6. Design Uber / Ride Sharing
Key Discussion Points:
- Location tracking: Drivers send GPS every 5s → WebSocket or HTTP → geospatial store.
- Geospatial queries: Redis GEO commands (
GEOADD,GEORADIUS) or PostGIS for "drivers near me." - Matching: Trip request → find N nearby drivers → send notification → driver accepts → create trip.
- Surge pricing: ML model based on supply/demand per geo-cell.
- Trip state machine: REQUESTED → DRIVER_ASSIGNED → DRIVER_EN_ROUTE → TRIP_STARTED → COMPLETED.
- Payment: Async, Saga pattern across trip + payment + payout services.
- ETA calculation: Road network graph (Dijkstra/A*) with real-time traffic data.
7. Design a Rate Limiter
Key Discussion Points:
- Algorithms: Token bucket, sliding window log, sliding window counter.
- Distributed implementation: Redis + Lua script for atomic check-and-decrement.
- Keys: By API key, user ID, IP, or combination.
- Response headers:
X-RateLimit-Limit,X-RateLimit-Remaining,X-RateLimit-Retry-After. - Placement: API Gateway, service middleware, or library.
- Multi-tier: Different limits per endpoint (e.g., /login stricter than /feed).
- Redis sliding window:
MULTI
ZADD key timestamp timestamp
ZREMRANGEBYSCORE key -inf (now - window)
ZCARD key
EXEC
8. Design a Notification System
Key Discussion Points:
- Channels: Push (FCM/APNs), Email (SendGrid/SES), SMS (Twilio), In-app.
- Flow: Event → Kafka → Notification Service → channel selection → delivery.
- Channel selection: User preferences + event type → choose channel.

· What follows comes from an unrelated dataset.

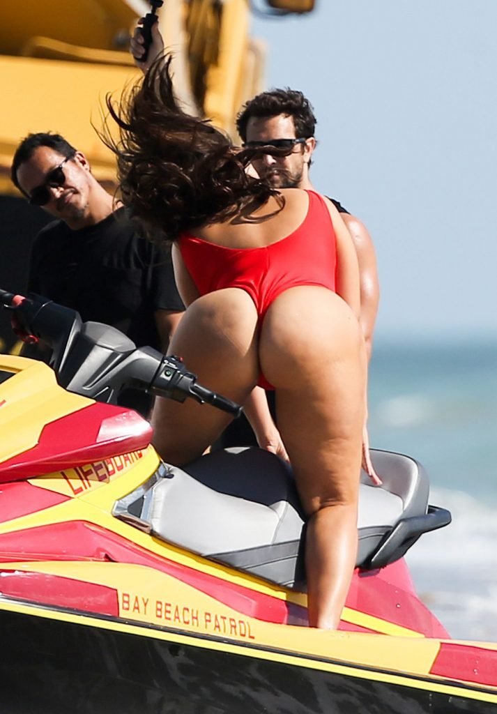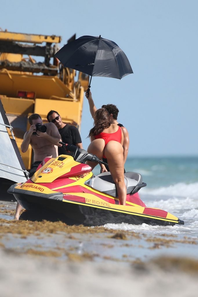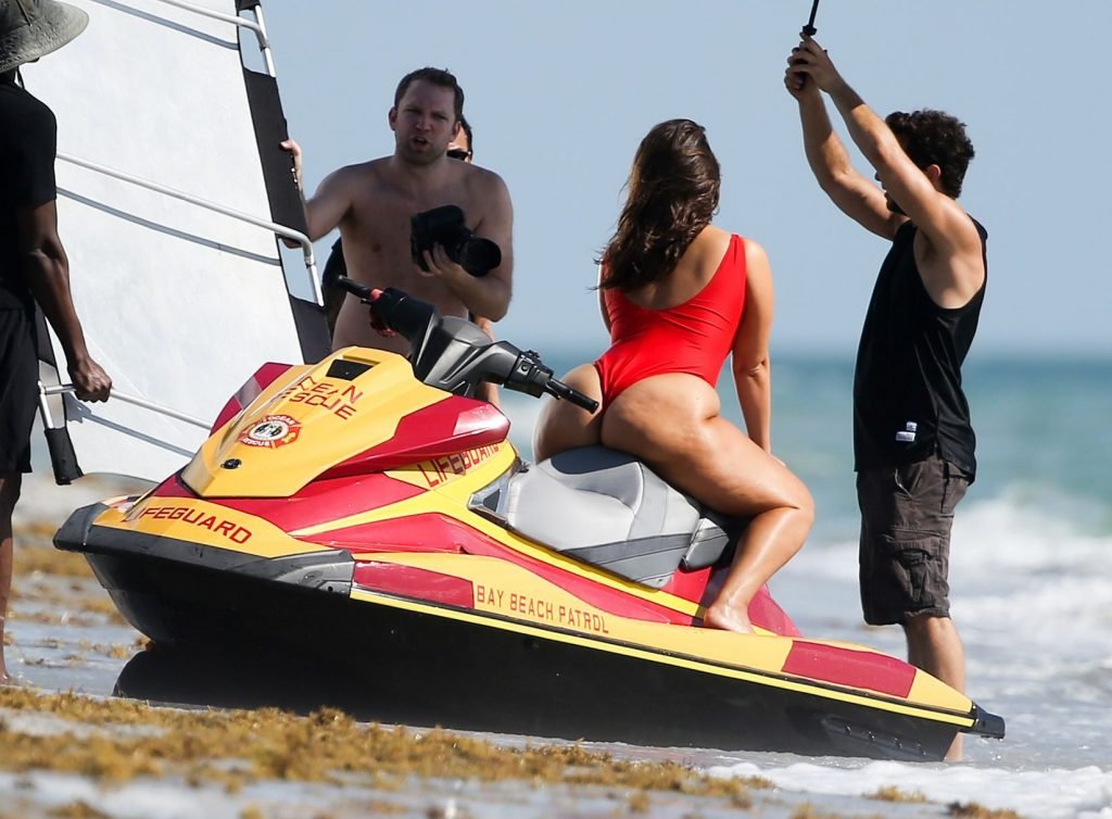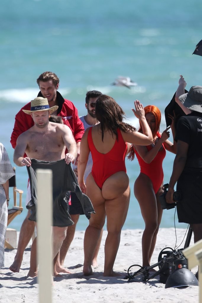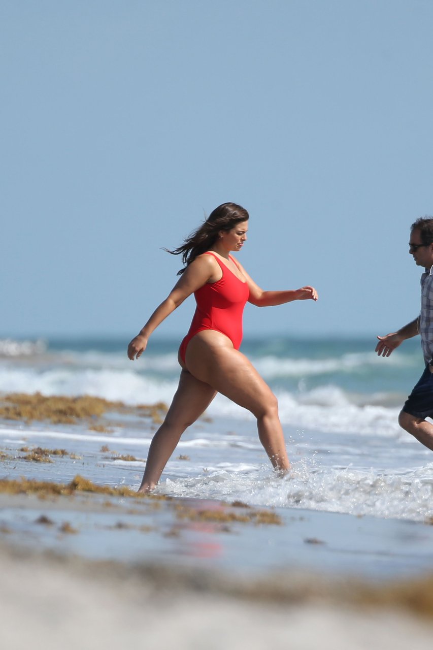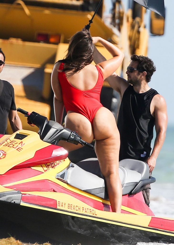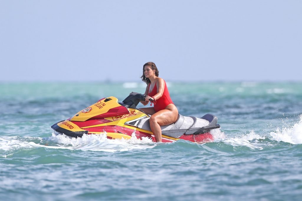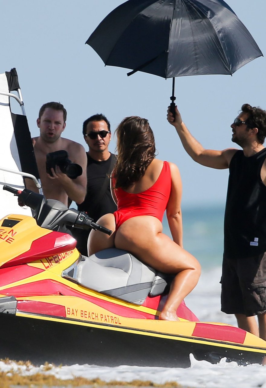 Ashley Graham exibe seu enorme bumbum em um maiô vermelho na praia em Miami, 01/03/2017. Ashley Graham é uma modelo plus size (Glamour, Vogue, Harper’s Bazaar) de Lincoln (Nebraska (EUA)). Idade – 29, 30 de outubro de 1987.

- Templating: Template engine (Freemarker/Thymeleaf) for message rendering.
- Delivery guarantees: At-least-once with idempotency. Track delivery status.
- Retry: Exponential backoff for failed deliveries.
- Rate limiting: Don't spam users — respect quiet hours, daily limits.
- Batching: Email digest (hourly/daily) vs instant push.
- Scale: 10M notifications/day = ~116/sec average, needs async pipeline.
9. Design a Web Crawler
Key Discussion Points:
- Seed URLs: Start with known URLs, expand via discovered links.
- BFS vs DFS: BFS better for breadth; prioritize fresh/important pages.
- URL frontier: Priority queue (by importance/freshness) backed by disk.
- Distributed crawlers: Partition URLs by domain hash across workers.
- Politeness: Respect
robots.txt. Rate limit per domain (1 req/sec). - Deduplication: Bloom filter for URL seen check. Content hash for page dedup.
- Storage: HTML in S3; metadata/links in Cassandra.
- Scale: 1B pages, 500 bytes avg → 500 GB storage. Crawl 1B pages in 30 days = 385 pages/sec.
10. Design a Search Autocomplete
Key Discussion Points:
- Trie: Data structure for prefix matching. Too large to fit in memory at Google scale.
- Top-K per prefix: Precompute top 10 queries for each prefix.
- Data collection: Log search queries → aggregate frequency → build trie offline.
- Update frequency: Rebuild trie weekly (offline) or use streaming aggregation.
- Storage: Trie in Redis or Elasticsearch. Cache hot prefixes in memory.
- Ranking: By frequency, freshness, personalization.
- Latency: P99 < 50ms. Local cache for hot prefixes.
11. Design a Distributed Cache (Redis)
Key Discussion Points:
- Architecture: Redis Cluster (sharding via consistent hashing across nodes).
- Replication: Primary-replica per shard; replica promotes on primary failure.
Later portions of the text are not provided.